When the company is idle and bored , Want to research python Of bs modular , Try to write about reptiles . But the company has limitations , Entertainment websites are not accessible , Finally, I found that the novel website can still enter , Then you . On and off ~
I used to think it was very low Of , I've always found it boring to grab data from pages , But today I actually began to feel some sense of achievement .
This crawler mainly uses two libraries :
import requests
from bs4 import BeautifulSoup
requests The module is used to simulate the request , Get the response page ;bs4 The module is used to parse the page of the response , Easy access to page tags .
I wanted to try the water first , Try to access the page with simple code , As a result, the following problems appeared at the first try :
Traceback (most recent call last):
File "D:/PycharmProjects/NovelCrawling/novel_crawling.py", line 109, in pre_op
book_info = search_by_kewords(keword)
File "D:/PycharmProjects/NovelCrawling/novel_crawling.py", line 89, in search_by_kewords
soup = BeautifulSoup(result_html, 'lxml')
File "D:\python\lib\site-packages\bs4\__init__.py", line 310, in __init__
elif len(markup) <= 256 and (
TypeError: object of type 'NoneType' has no len()
HTTPSConnectionPool(host='www.13800100.com', port=443): Max retries exceeded with url: /index.php?s=index/search&name=%E6%96%97%E7%BD%97%E5%A4%A7%E9%99%86&page=1 (Caused by NewConnectionError('<urllib3.connection.HTTPSConnection object at 0x000002029189FD30>: Failed to establish a new connection: [Errno 11001] getaddrinfo failed'))

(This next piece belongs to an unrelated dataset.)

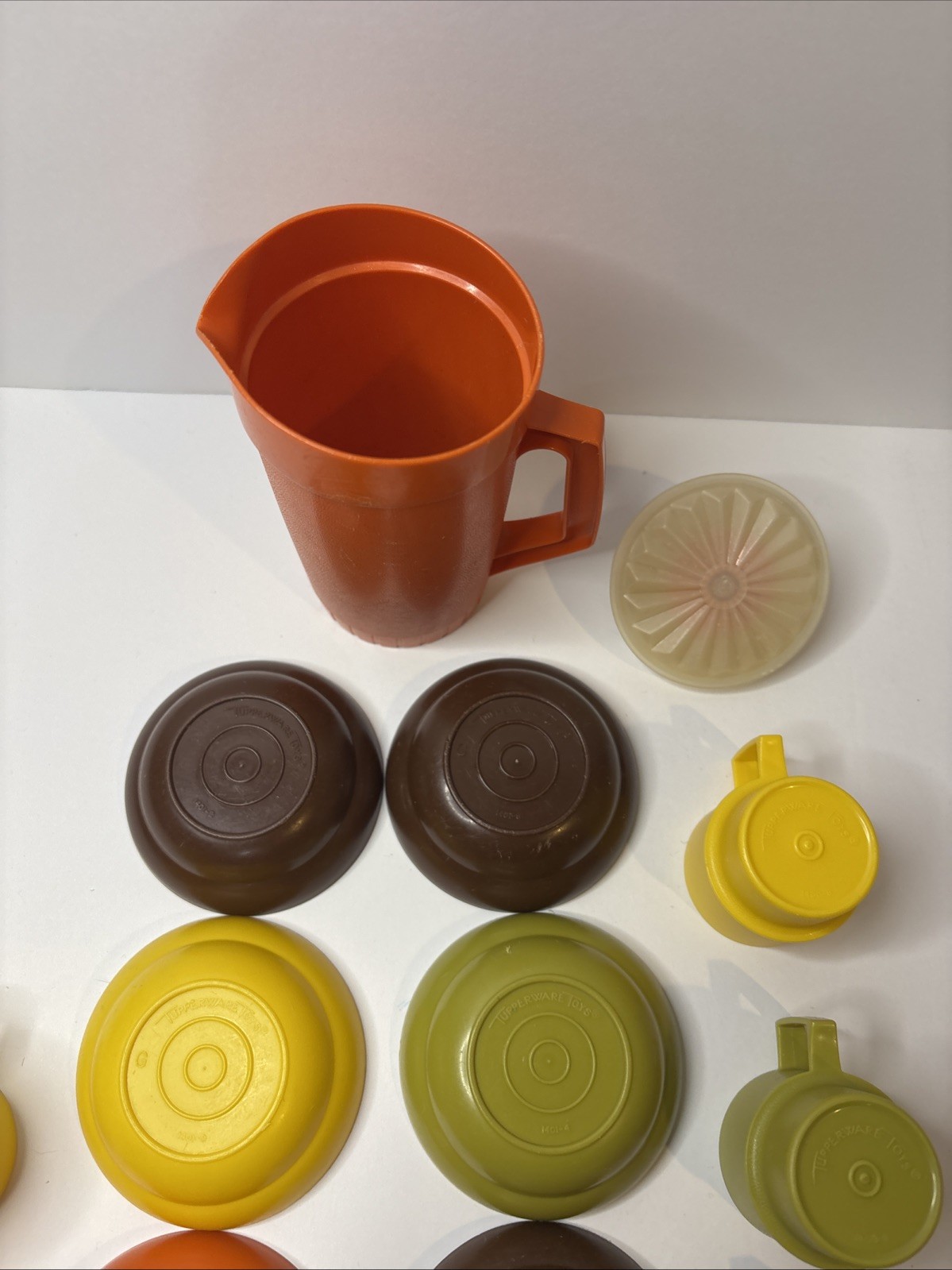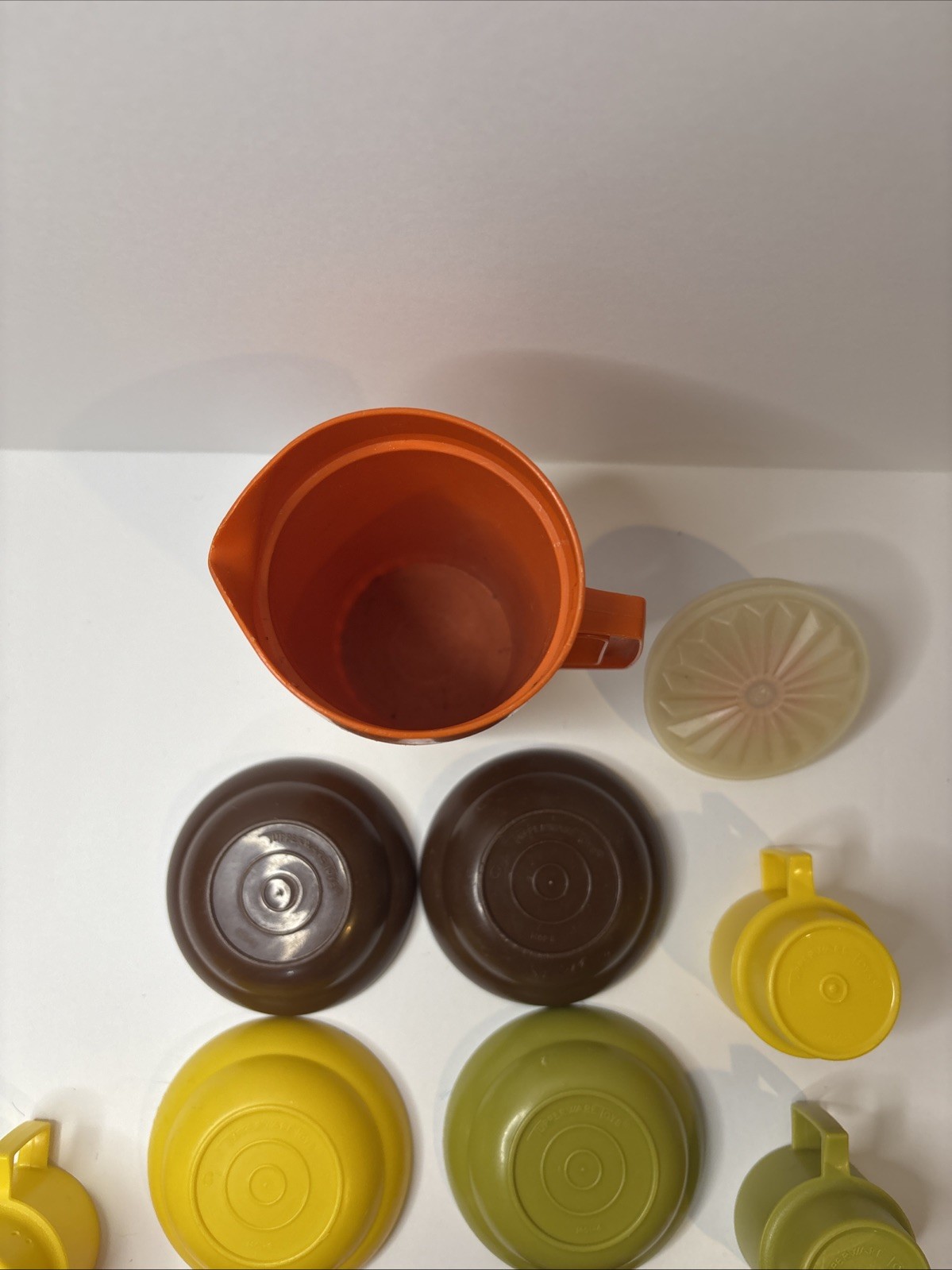 Vintage Tupperware Miniature Pitcher, 5 Cups, 6 Bowls Used. 1970 s

How strange , The browser can access , And the agency is set up in the company , Why can't I ask . With this question is a Baidu , The most common result is like this :
response = requests.get(url, verify=False)
close verify=False Parameters , Say what close openSSL Verification or something , I don't understand , I can only verify , unfortunately , failed .
Others say that many cases are caused by misspelling the address , But I checked it carefully and didn't .
Uncomfortable , Baidu couldn't find the answer it wanted for half an hour , All think about it , Boring is boring , Playing with mobile phones is also very fragrant . But then I thought , Is it right? requests The module should have a separate proxy ?
With this question, I went to Baidu again ,requests The module can really set up a proxy , I feel hopeful , In the end, we solved it successfully ! The code is as follows :
proxies = {
'http': 'http://xxx.xxx.xxx.xxx:xx', # http agent
'https': 'http://xxx.xxx.xxx.xxx:xx' # https agent
}
response = requests.get(url, verify = False, proxies = proxies)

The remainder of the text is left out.